Art & Antik: The Frauenknecht Exhibition 5-20 May

The buzz in Stuttgart this month is the Fraunknecht exhibition at Sarah Haberkern’s gallery, Art and Antik, across the street from Nagel Auktion Haus on Neckarstraße.

As one might expect from Bertram Frauenknecht there was a smattering of outstanding Shahsevan soumacs but surprisingly they took second seat to a number of other categories.

The gallery owner Sarah Haberkern (right)

Among these categories Bertram’s Persian bags were numerous and quite good. There were 2 eye catching Afshar chuval faces, a big boteh number and a quite old medallion example that was even better. His Kurds were whey better yet with a chunky salt bag, and an unusual mina khani interpretation bag face that emphasized one of the elements of this design as a center medallion. Other Persian bags included a unique complete mixed technique Bakhtiari chuval with pile closure panels, a wonderful djidjim fragment, and a late but great mixed pile and warp-faced plain weave Shahsevan band that displayed one of the most entertaining mythical beasts seen yet.
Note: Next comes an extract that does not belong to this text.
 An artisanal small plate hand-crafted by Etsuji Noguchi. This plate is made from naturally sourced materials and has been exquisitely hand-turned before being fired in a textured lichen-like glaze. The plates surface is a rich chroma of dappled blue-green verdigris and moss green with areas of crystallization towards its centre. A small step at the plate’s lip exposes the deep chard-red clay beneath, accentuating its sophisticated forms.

Rounding out the Persian offerings there were two classical fragments.

Asmalyk

As expected, the few Turkoman weavings in the show were all of a singular nature. His small Yomud asmalyk had an unusual palette and unique interpretation of the ashik design. Three tent band fragments were shown; a Yomud with off the charts scale, an Arabatchie that screamed “old”, and a rare Salor example. For those that appreciate condition there was a perfect, full pile, 3 gul “Eagle Group” torba and an ak chuval in perfect shape with pristine colors.
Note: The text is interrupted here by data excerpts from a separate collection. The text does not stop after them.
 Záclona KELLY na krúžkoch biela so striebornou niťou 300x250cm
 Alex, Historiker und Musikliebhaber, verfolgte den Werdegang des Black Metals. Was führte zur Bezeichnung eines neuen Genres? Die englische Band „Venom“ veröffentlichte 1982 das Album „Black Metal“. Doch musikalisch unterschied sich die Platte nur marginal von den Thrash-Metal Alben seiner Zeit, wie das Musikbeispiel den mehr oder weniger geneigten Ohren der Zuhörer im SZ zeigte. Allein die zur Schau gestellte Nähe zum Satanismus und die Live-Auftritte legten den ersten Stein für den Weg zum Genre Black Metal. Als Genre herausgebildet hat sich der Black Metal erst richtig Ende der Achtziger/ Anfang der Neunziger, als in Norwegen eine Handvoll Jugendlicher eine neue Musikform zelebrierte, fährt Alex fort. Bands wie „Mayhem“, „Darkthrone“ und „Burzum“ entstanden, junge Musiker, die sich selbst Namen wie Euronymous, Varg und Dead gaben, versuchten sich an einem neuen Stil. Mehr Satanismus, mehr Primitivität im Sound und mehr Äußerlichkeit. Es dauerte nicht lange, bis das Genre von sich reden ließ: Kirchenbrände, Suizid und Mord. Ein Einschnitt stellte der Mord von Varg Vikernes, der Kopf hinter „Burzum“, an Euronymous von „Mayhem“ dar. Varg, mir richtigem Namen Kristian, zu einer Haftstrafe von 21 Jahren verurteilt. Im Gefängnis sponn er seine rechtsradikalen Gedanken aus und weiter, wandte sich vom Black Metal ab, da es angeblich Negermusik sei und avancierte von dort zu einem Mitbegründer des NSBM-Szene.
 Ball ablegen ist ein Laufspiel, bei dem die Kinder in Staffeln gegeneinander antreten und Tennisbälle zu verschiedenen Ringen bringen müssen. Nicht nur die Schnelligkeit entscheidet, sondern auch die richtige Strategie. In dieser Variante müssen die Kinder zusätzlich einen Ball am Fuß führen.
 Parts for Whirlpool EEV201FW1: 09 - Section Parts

Even the Belouch were present with 2 vividly colored balishts, a complete, full pile, square prayer rug, and what looked to be a very old camel field rug.

Turkey was well represented with two 18th century kelim halves, both band formats, one plain and the other with completely geometric, simplified, variations of the dragon theme + a Konya fragment sporting a concentric sawtooth medallion resolving into a pair of parallel crenallated poles at top and bottom. In addition there was a large18th century medallion Konya, an intriguing 17th century Sivas, a radio carbon dated Konya with exquisite borders, and a rare design Lotto fragment. Caucasians were represented with an early village keyhole medallion rug that well might be unique and one half of an early Bidjov notable for its scale, color, and articulation of design.

China was a bit under represented with only one rug fragment but of course it was rare and old: an early Ming piece that is essentially the corner of the rug with a good bit of plain field, the corner element (1/4 of a radiant disc) and sections of both the vertical and horizontal borders with a meandering line and demi-motifs that could easily be extrapolated into an all over field design.

The textiles represented one of the two star attractions of the show. There were 2 Sefavid panels; one composed of mille fleur botehs and the other showing delicate vertical bands, one 16th century Ottoman velvet fragment in a beautiful shade of lac, a fantastic green 16th century Sicilian velvet, a wonderful Ottoman era Algerian embroidery with vivid but mellowed colors, a Song dynasty (11th century) kesi hair wrap with unique banded design bravely attributed to central Asia, one of the earliest embroidered Turkoman hair pieces that this reviewer has ever seen, and a Russian brocade that is quite unlike anything else.

Central Asian weaving 100 B.C.

The real beef of this event, the raison d’etre, though was 3 fragments of a nature seldom seen in gallery exhibitions. Two wool central Asian weavings, one dating to 500 B.C. and the other, a youngster, dated to 100 B.C. Each is produced in a warp-faced twill and both have remarkably fresh colors for the age or any other age. The third fragment is unique to my experience. The design(s) and articulation thereof is geometric and extremely refined given the low horizontal knot count. This refinement of design is achieved by its high vertical count. The weave is packed beyond the weightiest Bidjar resulting in what seems to be a structurally singular weaving. Viewing the piece creates an extreme desire to see more.

Central Asian weaving dated 500 B.C.

I find Frau Haberkern to be quite charming and hospitable. The show is scheduled to end on 20 May but rumor is that it may extend a few days beyond that.